From: "Jérôme Pinot" <ngc891@gmail.com>
To: LKML <linux-kernel@vger.kernel.org>
Cc: "Ted Ts'o" <tytso@mit.edu>
Subject: Re: Evolution of kernel size
Date: Sat, 12 Nov 2011 22:04:49 +0900 [thread overview]
Message-ID: <20111112130449.GA10821@comet.deepsky.org> (raw)
In-Reply-To: <20111111165101.GA11227@thunk.org>
On 11/11/11 11:51, Ted Ts'o wrote:
> On Thu, Nov 10, 2011 at 11:33:33PM +0900, Jérôme Pinot wrote:
> > Hi,
> >
> > I took some time to make a graph of the evolution of the size of the
> > linux kernel tar.bz2 since version 1.0 till 3.1 (297 releases).
> > It doesn't count the stable branches (2.6.x.y).
>
> The question really is what are you trying to show with the graph, and
> what do you plan to use the graph for? If it is estimating the size
> of disk space that you'll need at some point in the future, that's
> fine. If it's for entertainment value, that's fine too.
That's exactly the point :-)
> But if it's to try to make some claims about (for example) kernel
> complexity, you'd do better to measure the size of various specific
> subsystems, such as mm, core kernel, a specific file system, etc. And
> even then, the statistics can be misleading since sometimes
> refactoring to reduce complexity or removing unneeded abstraction
> layers can end up reducing the size of the subsystem, but leave it in
> a more maintainable state.
Measuring code complexity or work/cost of the source code was out of my
scope.
--
Jérôme Pinot
http://ngc891.blogdns.net/
prev parent reply other threads:[~2011-11-12 13:04 UTC|newest]

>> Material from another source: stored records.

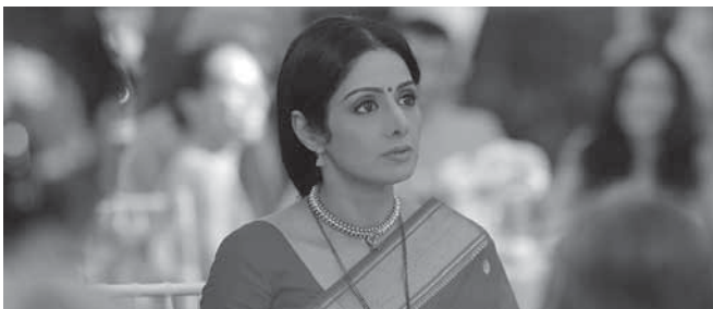
『マダム・イン・ニューヨーク』

ビジネスマンの夫と2人の子ども、裕福な暮らしを送る主人公の女性シャンだが、家族の中で一人だけ英語が話せない。家族からからかわれて傷つく毎日。そんな彼女が一人ニューヨークへ。様々な人との関わりのなかで変わっていく。
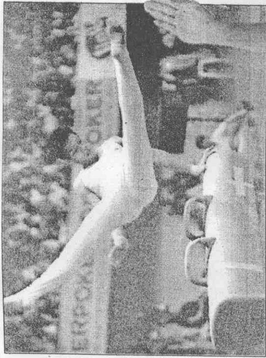
↑體操個人單項，中華吳金展鞍馬演出穩定，獲得銀牌。
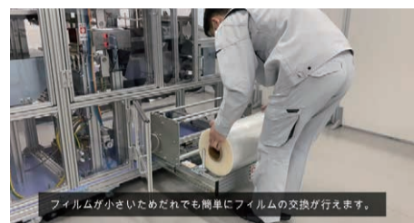
フィルムが小さいためでも簡単にフィルムの交換が行えます。

ースに、タオル、ユニフォーム、シート、ブランケットなど様々なリネン品に対応し、自動化で効率の良い生産を可能にするオリジナル仕様として開発されたのが「SS-001C」。
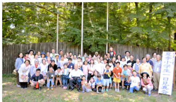
「令和5年度夏季小学生一日見真会」
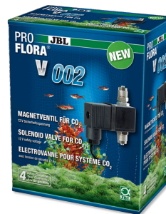
JBL PROFLORA v002 Válvula electromagnética silenciosa
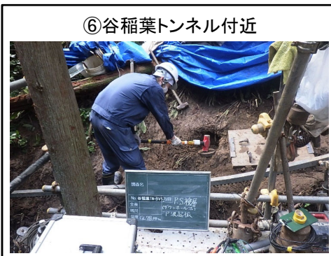
⑥谷稲葉トンネル付近 PS検層 P波起震状況
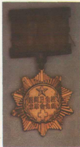
▲ 23. “人工冬眠疗法治疗小儿乙型脑炎”获一九五八年卫生部技术革命先锋奖章
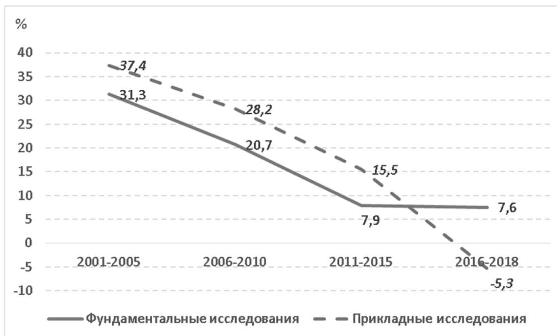
Рис. 2 / Fig 2. Среднегодовые темпы прироста объемов финансирования российской науки из федерального бюджета РФ в 2001–2018 гг.,% / The average annual increment rates of financing of the Russian science from the federal budget of Russian Federation, 2001–2018, per cent
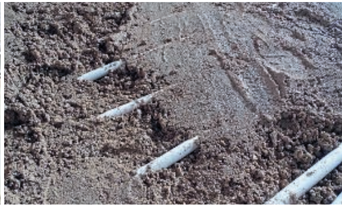
Der Estrichmörtel, hergestellt mit dem Bindemittel A58 der Ardex GmbH, ist in einer plastischen Konsistenz verarbeitet worden. In das Tragverhalten der Estrichlastverteilschicht wurden auch die Estrichbereiche zwischen den Heizrohren mit einbezogen.
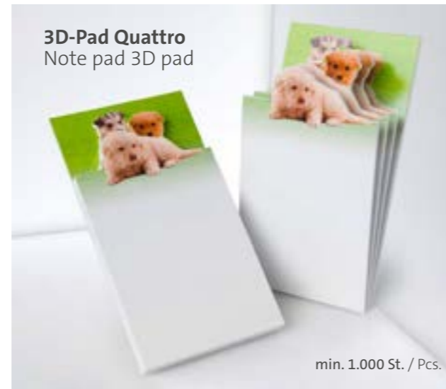
3D-Pad Quattro Note pad 3D pad

Erhältlich mit bis zu drei Notizblöcken à 20 Blatt, am Fuß zusammengeleimt. Available with up to three pads, glued together at the bottom.
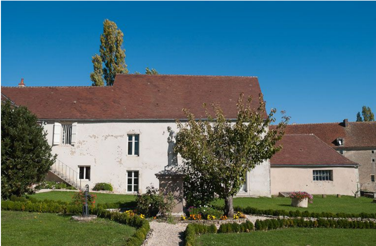
Jardin et vue partielle du bâtiment de l'apothicaire, de l'ancienne "salle d'asile" et de l'ancien pressoir.

21, Moutiers-Saint-Jean, 8 place de l' Hôpital
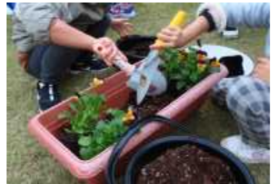
チューリップ植付体験の様子
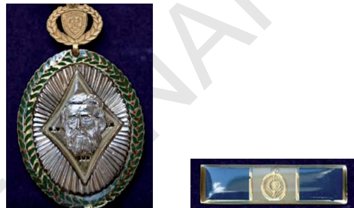
Condecoración “Procer Jose Trinidad Cabañas”

La Condecoración “ GRAN PROCER MARCO AURELIO SOTO ” será impuesta en ceremonia especial que se realizará el día 15 de enero.
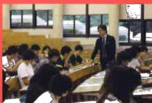
過去のスキルアップセミナー
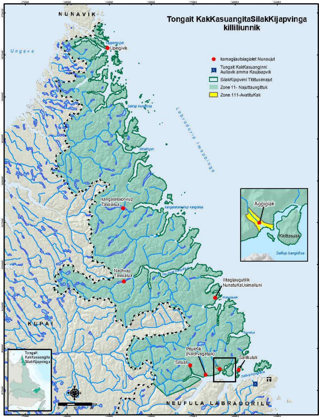
Map 3: Tongait KakKasuangita SilakKijapvinga killiliuttaumajut
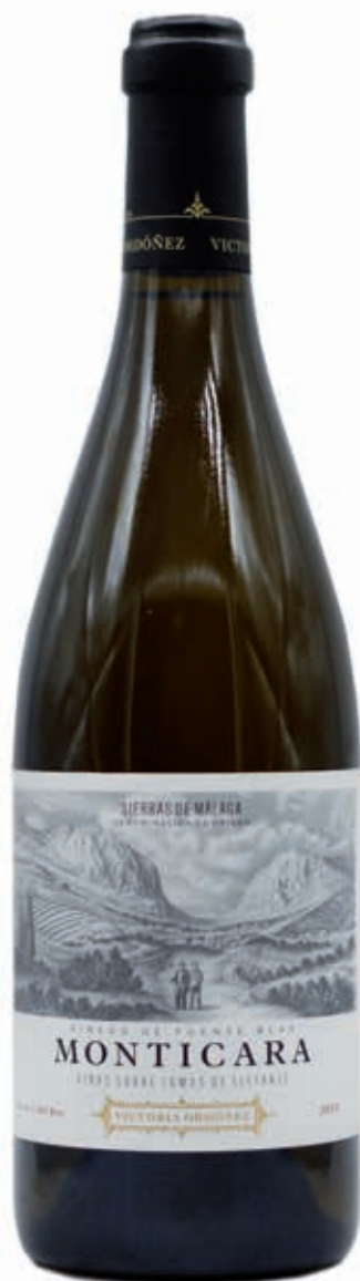
MONTICARA MOSCATEL DE ALEJANDRÍA SIERRAS DE MÁLAGA D.O.
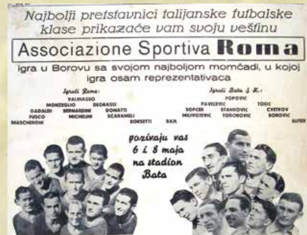
Gostovanje AS Rome u Borovu

Načiniti izbor najboljih i najznačajnijih među mnogobrojnim obiteljima koje su stvarale „Borovo“, između 22 tisuće zaposlenika, između tisuća sportskih i kulturnih radnika zaista je nemoguće.
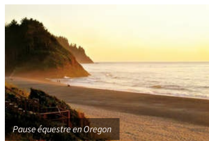
Pause équestre en Oregon
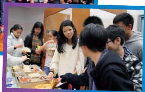
吃點小食，補充體力
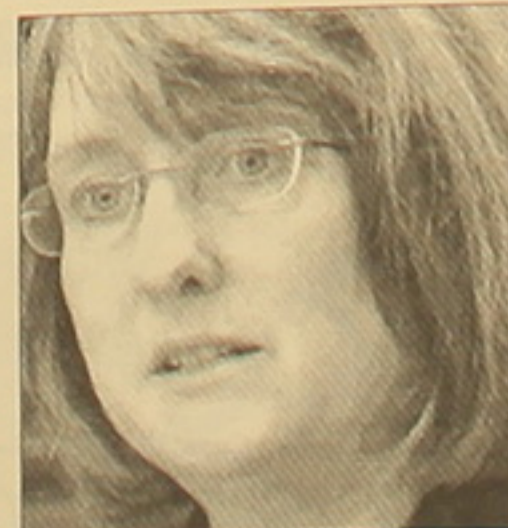
Այս օրերին Մեծ Բրիտանիայում ներգործարարներ են ծաղկվել, թե ղեթ է արդյոք անվնաս հայտարարել կանեցից ստացող թմրանյութերը: Վարչապետ Գորդոն Բրաունը կոչ է արել հաշիշը եւս մարիխուանան Ե դասի թմրանյութերի բարձր տեղա-

փոխել ավելի վնասգալու համարվող Ե դաս: Այդ դեպքում կուսակցության փոփոխման արժեքները հիշելով թմրանյութերի դալարությունները եւս տարածման համար: Ջեֆի Սմիթը հավանություն է սվել վարչապետի կոչին: Եկող Եվրոպայի ներգործարարությունը թմրանյութերի ոչ թուժական օգտագործման խորհրդակցական հանձնարարի հետ լննարկելու է սվալալ հարցը: Չանձնարարի անդամ թեթևակամ փորձագետները «Թեթևագամ» թերթին սված հարցազուլուցում ասել են, որ թեեւ մարիխուանան կարող է մարդու առողջության վրա բացասաբար ազդել, բայց այդ վնաս «անհամեմատելի է Ե դասի թմրանյութերի մեծ վնասների հետ»: Մասնավորապես, առաջիմ գիտականորեն հաստատված չեն այն եւս թմրանյութերը, թե կանեցի թմրանյութեր ծխելը կարող է նույնպես շիզոֆրենիայի զարգացմանը:

Thread overview: 7+ messages / expand[flat|nested] mbox.gz Atom feed top
2011-11-10 14:33 Evolution of kernel size Jérôme Pinot
2011-11-10 14:59 ` Nick Bowler
2011-11-10 15:15 ` Jérôme Pinot
2011-11-10 15:40 ` Nick Bowler
2011-11-10 16:19 ` Jérôme Pinot
2011-11-11 16:51 ` Ted Ts'o
2011-11-12 13:04 ` Jérôme Pinot [this message]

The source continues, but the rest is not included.